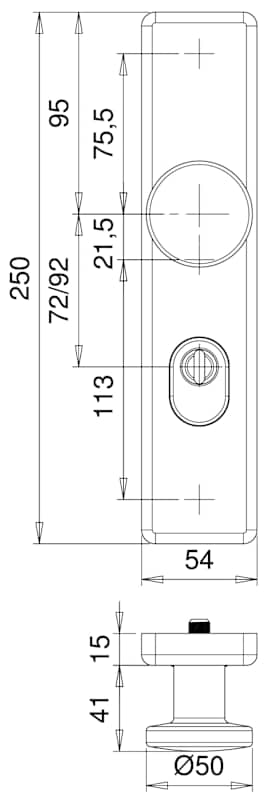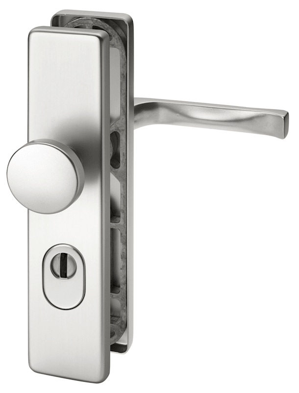 Vollblatt Sicherheits-Wechselgarnitur Juno 8752/0772,Langschild,ES 1,mit Zylinderabdeckung 72/8,DIN Links-Rechts,naturfarben eloxiert,Türstärke35-45,rund/gekröpft fest
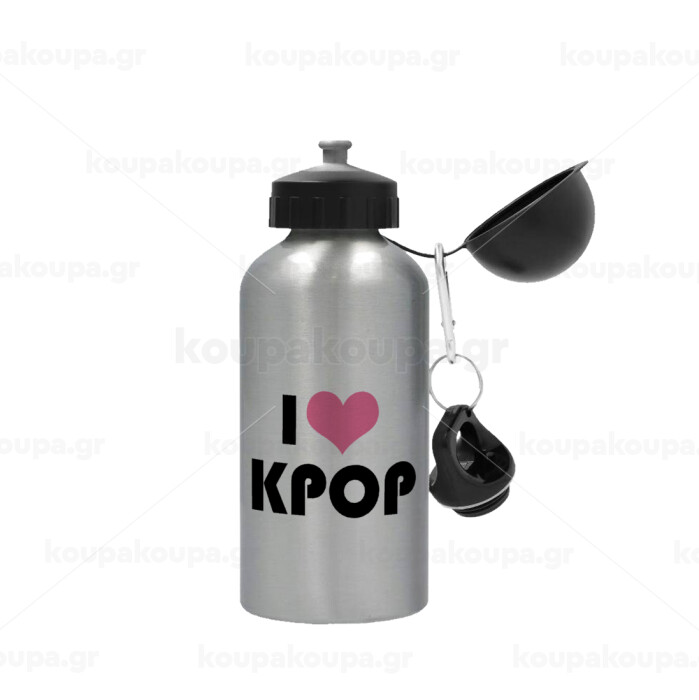 I Love KPOP, Μεταλλικό παγούρι νερού, Ασημένιο, αλουμινίου 500ml
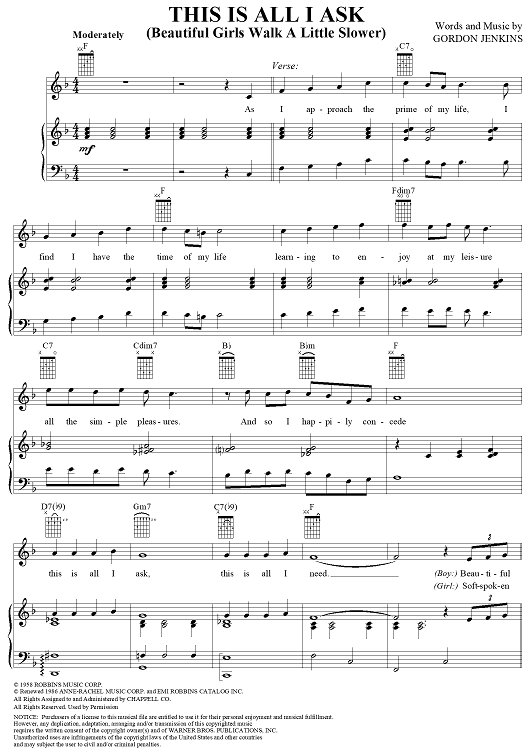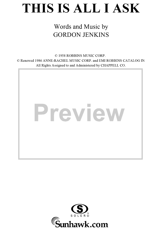 Digital Sheet Music for This Is All I Ask by Tony Bennett, Gordon Hill Jenkins scored for Piano/Vocal/Chords; id:266304
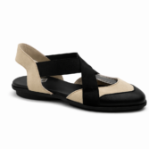 Arche’s Dinaby sandal combines comfort with refined style through its elasticated design and premium full-grain nubuck leather featuring a subtle grained texture. The minimal 2.2 cm heel provides gentle arch support, while the black Lactae Hevea® sole delivers durability and natural grip. Available in a versatile bronze and black tone, this sandal transitions effortlessly from casual to polished occasions.
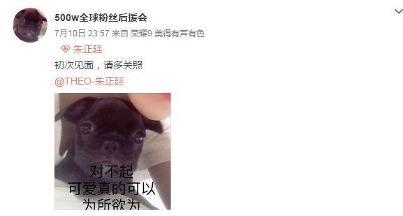 朱正廷三次晒狗,粉丝为“狗”建立后援团,强行取名“五百万”
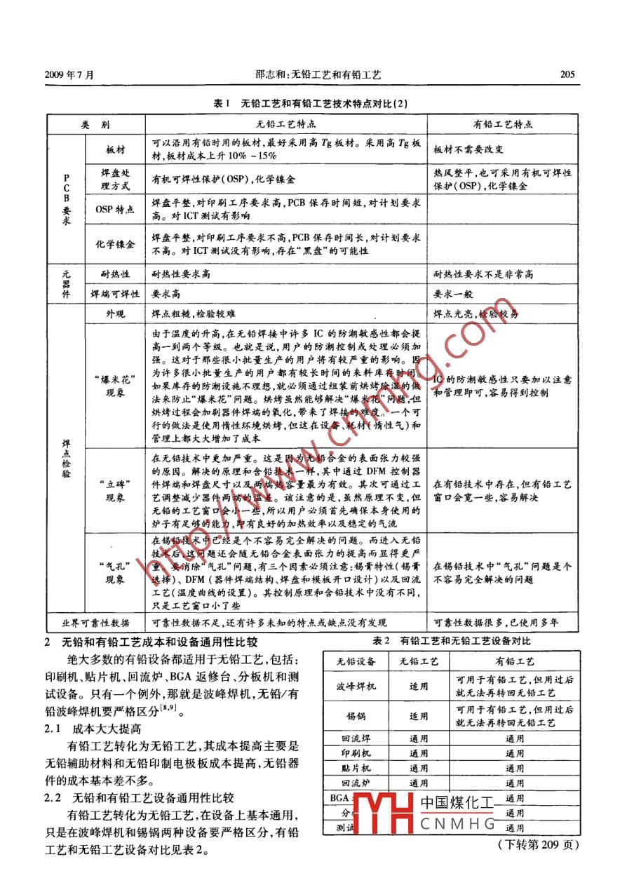 无铅工艺和有铅工艺
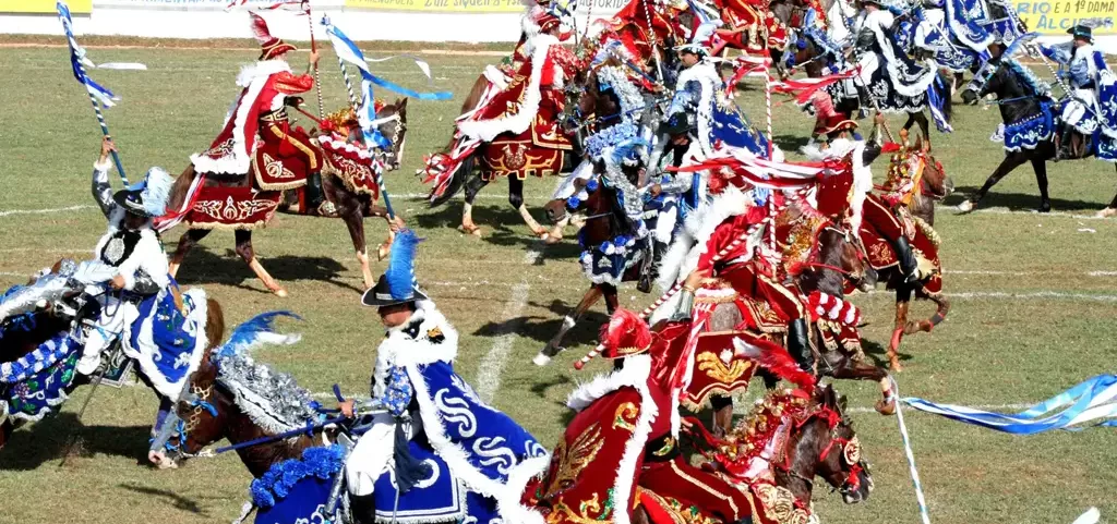 As Cavalhadas são uma representação tradicional dos torneios medievais que recriam as batalhas entre cristãos (vestidos de azul) e mouros (trajados de vermelho). A manifestação é inspirada no livro “Carlos Magno e Os Doze Pares da França”, quando o guerreiro cristão batalhou contra os sarracenos, de religião islâmica.

Aim of the exercise >>
Reproduce only the lines from the beginning of the data through the line that contains "I Love KPOP, Μεταλλικό", both included, and please drop the pictures.

Output for this task >>
 Vollblatt Sicherheits-Wechselgarnitur Juno 8752/0772,Langschild,ES 1,mit Zylinderabdeckung 72/8,DIN Links-Rechts,naturfarben eloxiert,Türstärke35-45,rund/gekröpft fest
 I Love KPOP, Μεταλλικό παγούρι νερού, Ασημένιο, αλουμινίου 500ml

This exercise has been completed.